# ♫ εηdεd ♫ Pen blanks for new turner



## El Guapo (Oct 23, 2020)

I have a SFRB of pen blanks that I would like to give to a new turner (less than 12 months). Left to right, cocobolo (with curl), spalted don't know what (probably maple), curly maple x2, curly purpleheart x2, some kind of maple burl maybe, unknown, purpleheart, and wenge. The star of the show is the cocobolo, no doubt, but these should all make some handsome pens! All I ask is the cost of shipping ($8.30) and a pic of one of the pieces once you get it turned!

Reactions: Like 1 | Way Cool 2 | +Karma 2 | Sincere 2


----------



## El Guapo (Oct 23, 2020)

This is a pen I made from another piece of cocobolo from the same section of board that the blank above came from. There is curly on the other side, but the color was better on this side.

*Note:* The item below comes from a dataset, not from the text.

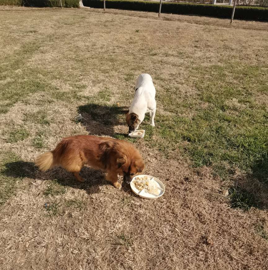 现在,每天早上,无论天有多么冷,调皮的黄部长,一直都在公司大门口等着我。不管我是骑自行车,还是骑电动车,不管我包裹地有多严实,黄部长都能第一时间认出我来。在我打卡的时候,他匍匐在地,等着我。然后,跟着我,到白部长待的地方,他们一起撒着欢,等着我给他们娘俩的早餐。
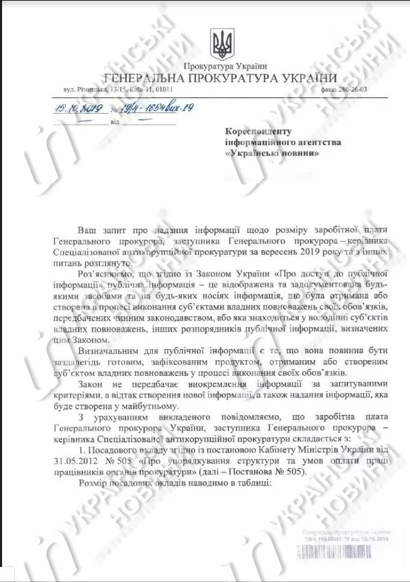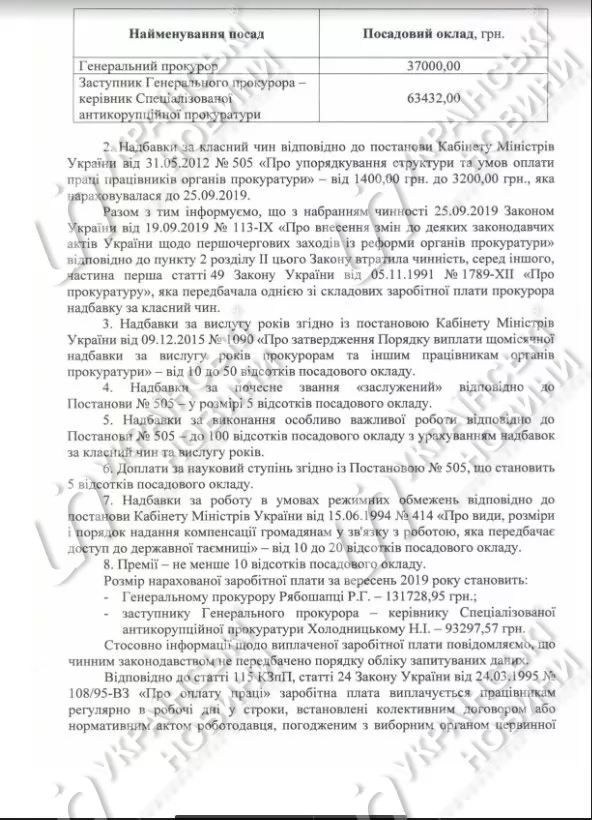 При этом также уточняется, что заместитель генпрокурора - руководитель Специальной антикоррупционной прокуратуры Назар Холодницкий за сентябрь текущего года получил 93 297 гривен.

Reactions: Like 1 | EyeCandy! 4 | Way Cool 3


----------



## Tony (Oct 23, 2020)

Dang, Andrew is giving away Coco!!!! Bust out the straight jacket, I think he's lost it!!

Reactions: Funny 1


----------



## Maverick (Oct 23, 2020)

Nice gesture.

Reactions: Agree 3


----------



## Eric Rorabaugh (Oct 23, 2020)

I'm new, I'm new!!!! JK. C'mon new turners, don't turn this down. Great selection there.

Reactions: Funny 1


----------



## Tony (Oct 23, 2020)

Like Eric said, don't be shy guys! I know there are some newbies who've joined up recently. Jump on this before Andrew comes to his senses!

Reactions: Informative 1


----------



## Eric Rorabaugh (Oct 23, 2020)

Yep don't be shy. We've done this before and it seems like some new guys/gals are skeered to say "I'll take it!" No strings attached except for posting a picture of what you make with them. Just remember, pay it forward later on down the road!

Reactions: Agree 1


----------



## T. Ben (Oct 23, 2020)

Whoever takes them,I’ll pay the shipping for you.

Reactions: Like 2 | +Karma 2 | Sincere 1


----------



## El Guapo (Oct 23, 2020)

T. Ben said:


> Whoever takes them,I’ll pay the shipping for you.


That’s very generous! Thank you! Just need a taker now


----------



## T. Ben (Oct 23, 2020)

El Guapo said:


> That’s very generous! Thank you! Just need a taker now


I figured that would sweeten the pot a little.


----------



## Eric Rorabaugh (Oct 23, 2020)

Wow! Now that's what WB is all about! Way to go Troy! Somebody better jump on this or I'm going to quit turning and start back so I can be a new turner!

Reactions: Funny 2


----------



## El Guapo (Oct 24, 2020)

At midnight central time tonight, I’m going to open this up to anyone for a $20 donation and I’ll cover shipping to get these to you (US only).

Reactions: Sincere 1


----------



## Tony (Oct 24, 2020)

Really guys, nobody new wants to step up?


----------



## Wildthings (Oct 24, 2020)

And if your concern that you'll screw up that awesome cocobolo I'll send you Box #2 from this post, no charge, to practice on first!!

PEN BLANKS

Reactions: +Karma 1 | Sincere 3


----------



## Maverick (Oct 25, 2020)

Can‘t believe someone hasn’t jumped on this.

Reactions: Agree 3


----------